Кто же такой “ботаник” по Зощенко? Один из “дряблых меланхоликов и беспочвенных интеллигентов, утомленных своим средним образованием”: “Это был форменный меланхолик. И простой, пролетарской душе глядеть на него было то есть совершенно, абсолютно невыносимо. Он выпивать не любил, физкультурой не занимался и на общих собраниях под общий смех говорил все неактуальные вещи: дескать, например, мусор во дворе пахнет...” Глядеть на такого ботаника невыносимо! Это лейтмотив многих и многих рассказов Зощенко. Вспомним интеллигентную даму из рассказа “Дама с цветами” “...это была поэтическая особа, способная целый день нюхать цветки и настурции или сидеть на бережку и глядеть вдаль, как будто там чего-нибудь имеется определенное — фрукты или ливерная колбаса”. Отметим, что далее героине ставится в вину, опять-таки нежелание заниматься физкультурой. И вновь та же модель: описав возвышенные чувства (“И чего-то ей щебечет, воздушные поцелуи с парохода посылает”) — завершает: “Одним словом, противно глядеть”.

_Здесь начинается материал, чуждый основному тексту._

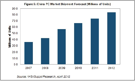 IHS公司預測,2012年中國占全球臺式PC出貨量的份額將從2011年的7%上升到11%。

Противно — почему? Потому что сегодня нужно жить иными интересами. Потому что время решительно изменилось. Потому что: “Теноров нынче нету!” Ссылка на время, эпоху постоянна: “А звягинская женка натурально в это время скучает. И это, представьте себе, на восьмом году революции”. Или: “У них драка возникла на любовной подкладке. Они просто, скажем грубо, не поделили между собой бабу! На этом году революции они не поделили бабу! Это ж прямо анекдот”. Итак, интеллигент прежде всего человек, не вписывающийся в эпоху, человек на восьмом году революции живущий так, как будто все еще продолжается та, прежняя жизнь.

Не все интеллигенты так уж плохи: некоторые могут приносить и пользу. Впрочем, похвала им стоит хулы. Попадаются приличные люди, но оправдание их — оправдание от противного, оно звучит еще более едкой насмешкой над интеллигенцией в целом. В рассказе “Доктор медицины”; “затюканный интеллигенток... сразу видать — человек не знаком с физкультурой и вообще, видать, редко посещает общие собрания” (претензии все те же: асоциальность, неспортивность, не пьет). Однако оказывается он не мешочником, как подозревали, а действительно доктором, посланным с ударной бригадой (что особо важно) в колхоз. Его отпускают. Финал: дежурный с агентом, заподозрившие доктора, рассуждают о том (мнение автора): “что, конечно, и среди этой классовой прослойки — не все сукины дети”.

О чем идет речь, в чем пафос Зощенко? Перед нами вновь попытка найти место интеллигенту в этой действительности? Хуже, гораздо хуже (прошу прощения за почти трюизм) — здесь искреннее желание этого интеллигента “посадить” (в лужу), отмежеваться от него, проявившееся на уровне лексическом. Как пишет современная исследовательница: “Жестоко и безжалостно судит Зощенко своего героя — за либеральную фразу, за неприспособленность к жизни, даже за знание испанского языка и латыни, оказавшееся эфемерной ценностью в мире, где господствует практическая польза”. Откуда же эта жестокость и безжалостность и какова природа этой жестокости и безжалостности?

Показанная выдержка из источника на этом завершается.